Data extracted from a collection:
══════════
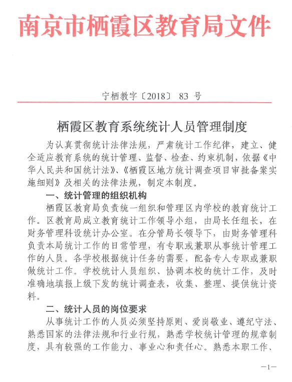 信息名稱:    棲霞區教育系統統計人員管理制度
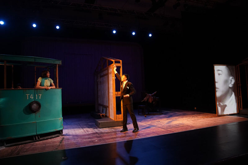 前輩藝術(shù)家們的老影像、演員們鮮活的現(xiàn)場表演、現(xiàn)場實時拍攝實時投影等敘事線索,都被黃盈當作素材,用蒙太奇的概念一起并置在舞臺上。演員現(xiàn)場的表演,除了用現(xiàn)代手法重現(xiàn)原故事線,還需要有時空交錯的跳出,回看八十三年前發(fā)生了什么,然后做出討論。這是任何年輕人都能超越時代,從精神實質(zhì)上共通共鳴的部分,是一次穿梭于八十三年間的,兩代年輕人的隔空對話。
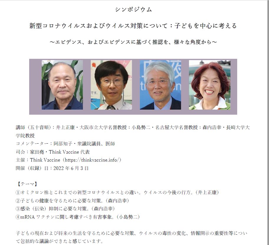 @hudikaha 昨日の分科会は異常でした。接種しないから「感染を拡げた」子どもに「打っていただく」ためには何をすべきか、が積極的に議論されていました。「家族のため」というモットーも多く聞かれました。VEの持続期間の周知に関する議論は皆無。小児自身の健康に関する議論はほぼ皆無。とにかく打ってほしい。
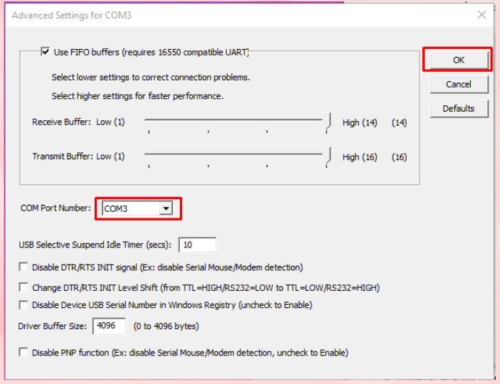 4.จากนั้นเปลื่ยนตรง COM Port Number เป็น COM3 > จากนั้นกด OK แล้วลองใช้งานลิ้นชักครับ
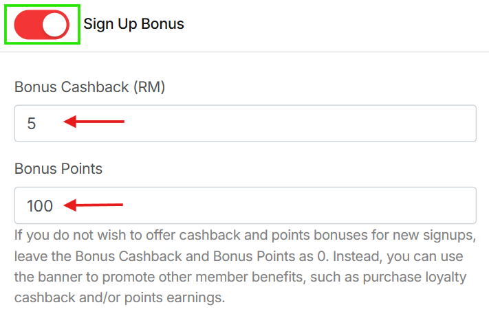 If you do not wish to offer cashback or points bonuses for new signups, simply leave Bonus Cashback and Bonus Points as 0.
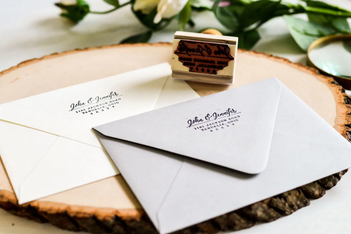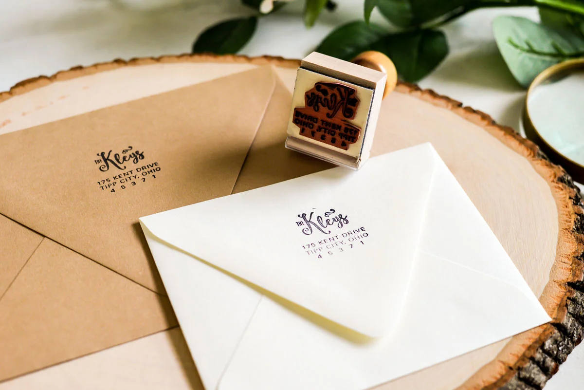 This week I have been feverishly adding new items to our shop and today I am happy to announce that custom address stamps are now ready for purchase. These custom stamps are perfect to have around to address your everyday stationery and are a great way to ease the pain of addressing hundreds of RSVP envelopes! Be sure to check out our three readymade options in the store, and as always if you don't see a style you like let us know so we can customize a stamp just for you!
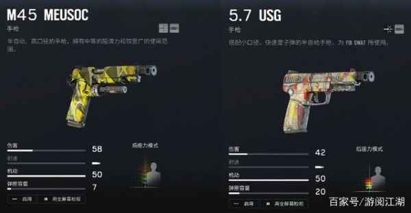 THERMITE的两把副武器分别是M45 MEUSOC 和5.7USB,这两把手枪的选择上可以说是见仁见智了。前者拥有高伤害的优势而后者拥有超大的弹夹容量和稳定性的优势。本人还是推荐各位携带5.7USB,首先20发的容量实在是太诱人了,这意味着你可以在危急时刻完全不需要担心换弹的问题,更何况在彩六这个靠着玄学爆头才能生存的游戏中,说不定多挥霍几发子弹就能够爆头了呢?
══════════
#### REQUIRED ACTION
The records above should be written out exactly, and the images dropped.

#### ANSWER AREA
 信息名稱:    棲霞區教育系統統計人員管理制度
 前輩藝術(shù)家們的老影像、演員們鮮活的現(xiàn)場表演、現(xiàn)場實時拍攝實時投影等敘事線索,都被黃盈當作素材,用蒙太奇的概念一起并置在舞臺上。演員現(xiàn)場的表演,除了用現(xiàn)代手法重現(xiàn)原故事線,還需要有時空交錯的跳出,回看八十三年前發(fā)生了什么,然后做出討論。這是任何年輕人都能超越時代,從精神實質(zhì)上共通共鳴的部分,是一次穿梭于八十三年間的,兩代年輕人的隔空對話。
 @hudikaha 昨日の分科会は異常でした。接種しないから「感染を拡げた」子どもに「打っていただく」ためには何をすべきか、が積極的に議論されていました。「家族のため」というモットーも多く聞かれました。VEの持続期間の周知に関する議論は皆無。小児自身の健康に関する議論はほぼ皆無。とにかく打ってほしい。
 4.จากนั้นเปลื่ยนตรง COM Port Number เป็น COM3 > จากนั้นกด OK แล้วลองใช้งานลิ้นชักครับ
 If you do not wish to offer cashback or points bonuses for new signups, simply leave Bonus Cashback and Bonus Points as 0.
 This week I have been feverishly adding new items to our shop and today I am happy to announce that custom address stamps are now ready for purchase. These custom stamps are perfect to have around to address your everyday stationery and are a great way to ease the pain of addressing hundreds of RSVP envelopes! Be sure to check out our three readymade options in the store, and as always if you don't see a style you like let us know so we can customize a stamp just for you!
 THERMITE的两把副武器分别是M45 MEUSOC 和5.7USB,这两把手枪的选择上可以说是见仁见智了。前者拥有高伤害的优势而后者拥有超大的弹夹容量和稳定性的优势。本人还是推荐各位携带5.7USB,首先20发的容量实在是太诱人了,这意味着你可以在危急时刻完全不需要担心换弹的问题,更何况在彩六这个靠着玄学爆头才能生存的游戏中,说不定多挥霍几发子弹就能够爆头了呢?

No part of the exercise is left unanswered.